**Raw data:**
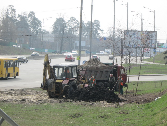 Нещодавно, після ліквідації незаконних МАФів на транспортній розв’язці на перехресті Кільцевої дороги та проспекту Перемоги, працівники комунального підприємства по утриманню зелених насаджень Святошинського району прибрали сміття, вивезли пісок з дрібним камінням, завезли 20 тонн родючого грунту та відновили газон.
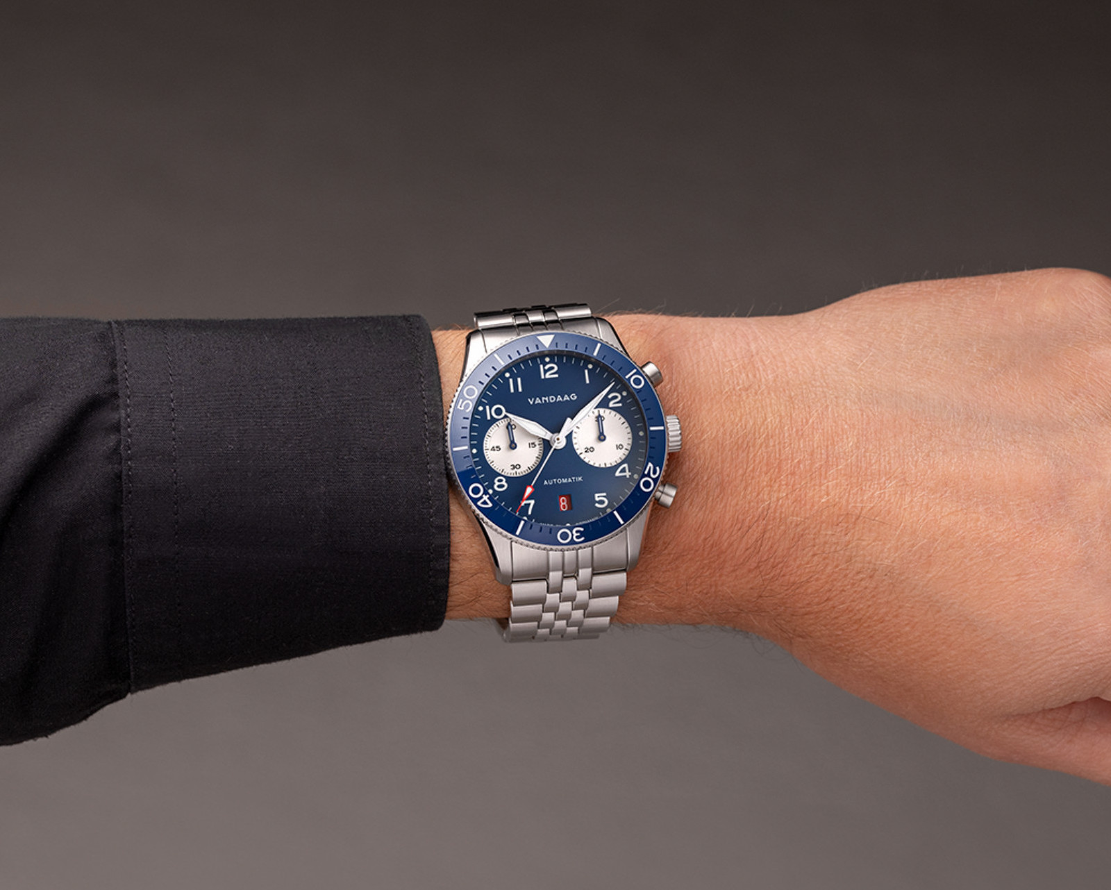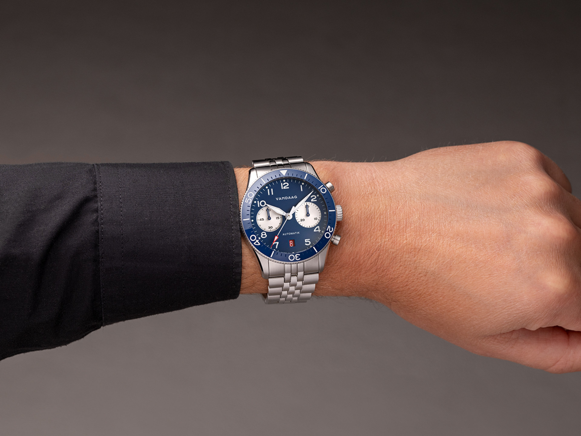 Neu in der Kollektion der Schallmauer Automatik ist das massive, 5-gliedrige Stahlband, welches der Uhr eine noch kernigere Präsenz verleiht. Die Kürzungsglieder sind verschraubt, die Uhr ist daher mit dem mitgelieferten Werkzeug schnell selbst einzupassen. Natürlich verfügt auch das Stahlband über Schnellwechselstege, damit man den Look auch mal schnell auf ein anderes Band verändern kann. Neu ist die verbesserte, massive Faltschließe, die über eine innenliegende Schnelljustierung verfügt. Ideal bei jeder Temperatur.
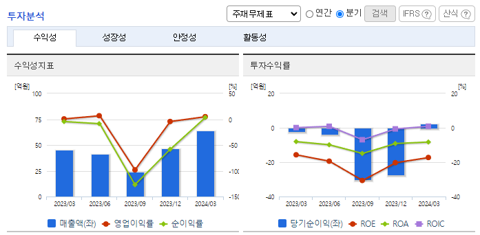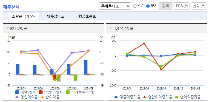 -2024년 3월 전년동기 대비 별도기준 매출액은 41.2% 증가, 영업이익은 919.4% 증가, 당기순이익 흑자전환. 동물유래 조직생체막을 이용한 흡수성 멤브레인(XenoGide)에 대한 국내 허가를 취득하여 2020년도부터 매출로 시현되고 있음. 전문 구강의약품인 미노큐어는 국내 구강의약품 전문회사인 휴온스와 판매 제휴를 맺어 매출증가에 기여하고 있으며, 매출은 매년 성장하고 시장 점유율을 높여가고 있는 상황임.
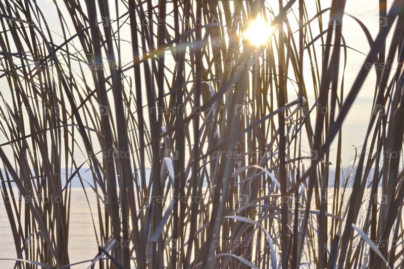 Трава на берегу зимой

**Instructions to follow:** I'd like the material repeated word for word, without the pictures it holds.

**Finished exercise:**
 Нещодавно, після ліквідації незаконних МАФів на транспортній розв’язці на перехресті Кільцевої дороги та проспекту Перемоги, працівники комунального підприємства по утриманню зелених насаджень Святошинського району прибрали сміття, вивезли пісок з дрібним камінням, завезли 20 тонн родючого грунту та відновили газон.
 Neu in der Kollektion der Schallmauer Automatik ist das massive, 5-gliedrige Stahlband, welches der Uhr eine noch kernigere Präsenz verleiht. Die Kürzungsglieder sind verschraubt, die Uhr ist daher mit dem mitgelieferten Werkzeug schnell selbst einzupassen. Natürlich verfügt auch das Stahlband über Schnellwechselstege, damit man den Look auch mal schnell auf ein anderes Band verändern kann. Neu ist die verbesserte, massive Faltschließe, die über eine innenliegende Schnelljustierung verfügt. Ideal bei jeder Temperatur.
 -2024년 3월 전년동기 대비 별도기준 매출액은 41.2% 증가, 영업이익은 919.4% 증가, 당기순이익 흑자전환. 동물유래 조직생체막을 이용한 흡수성 멤브레인(XenoGide)에 대한 국내 허가를 취득하여 2020년도부터 매출로 시현되고 있음. 전문 구강의약품인 미노큐어는 국내 구강의약품 전문회사인 휴온스와 판매 제휴를 맺어 매출증가에 기여하고 있으며, 매출은 매년 성장하고 시장 점유율을 높여가고 있는 상황임.
 Трава на берегу зимой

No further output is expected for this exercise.